The first online version of Calendar was created in 2009 by Dr Marvin Bolt and Steven Lucy, working at the Webster Institute of the Adler Planetarium, and it is that data that has now been reformatted for incorporation into Ɛpsilon.
Further information about Herschel, his correspondence, and the editorial method is available online here: http://historydb.adlerplanetarium.org/herschel/?p=intro
No texts of Herschel’s letters are currently available through Ɛpsilon.

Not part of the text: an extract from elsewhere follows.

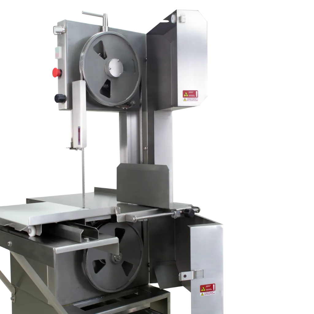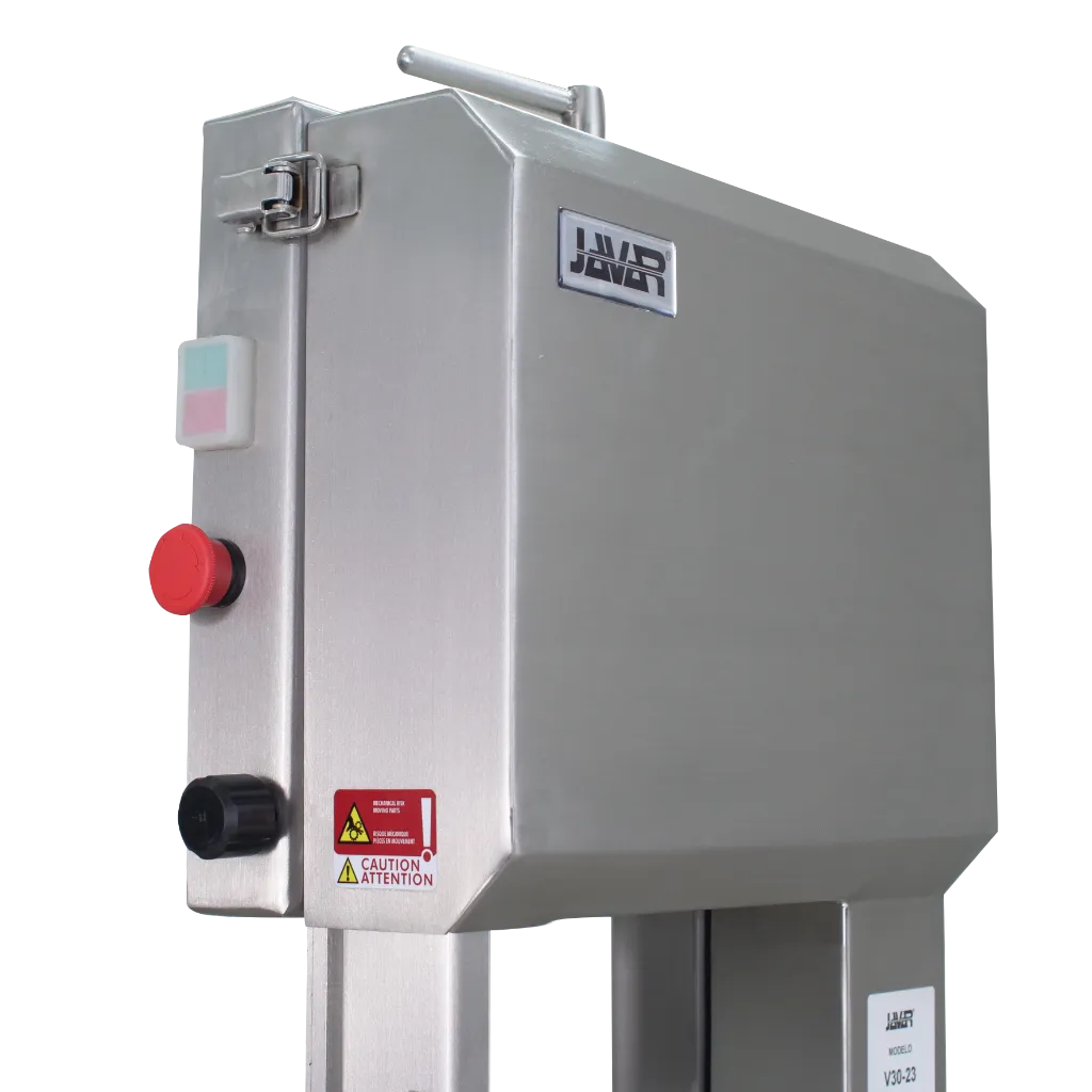 Sierra para corte de carne con hueso o carne congelada marca JAVAR línea PROFESSIONAL. Modelo eléctrico de piso para uso intermitente, ideal para carnicerías medianas y supermercados. Puede procesar hasta 2 canales diarias (400 kg/día). Estructura y volantes fabricados en acero inoxidable, material que cumple las actuales normas sanitarias (decretos 1500 y 3075). Altura de corte 36 cm, ancho de garganta 27 cm. Longitud de la cinta 98″. Diámetro del volante 30 cm. Reductor de larga vida con piñones de acero en baño de aceite. Sensor de seguridad en la puerta y botón de paro de emergencia. Potencia 2 HP, tensión 110 Volt, 60 Hz, 1 fase. Dim 78x91xH169 cm, peso neto 130 kg. Origen: Colombia

Returns from vacation in France. Offers to be a trustee for the Cape Observatory. J. R. Hind has discovered asteroid Victoria.
Pleased to receive JH's letter, which he hastens to answer to remove any misconceptions regarding the equatorial. Comments on some of his observations of stars. Received [T. R.] Robinson's proposal for a large reflector. William Mann has just finished 8 years of tide gauge measures. Grieves to hear of the illness of W. R. Dawes. [George] Smalley's financial affairs have come to a crisis. Convict question has been settled; they are to be sent to Van Diemen's Land.
Giving his views on the proposed supply of a large reflector for the Cape Observatory.
Encloses copy of the letter he has written [1850-7-20] to the Secretary of the Admiralty.
TM's attention has been drawn to the question raised by Joseph Hume in the House of Commons regarding the use of the Cape Observatory. Will forward a copy of the weekly register and later a copy of the general report.
Was agreeably surprised by the communication in Lady Herschel's letter; did not expect any pension. Outlines his ideas for careers for some members of his own family. India and the Services seem the best propositions. Does not expect much from the observations of Venus in Chile unless the definition is good.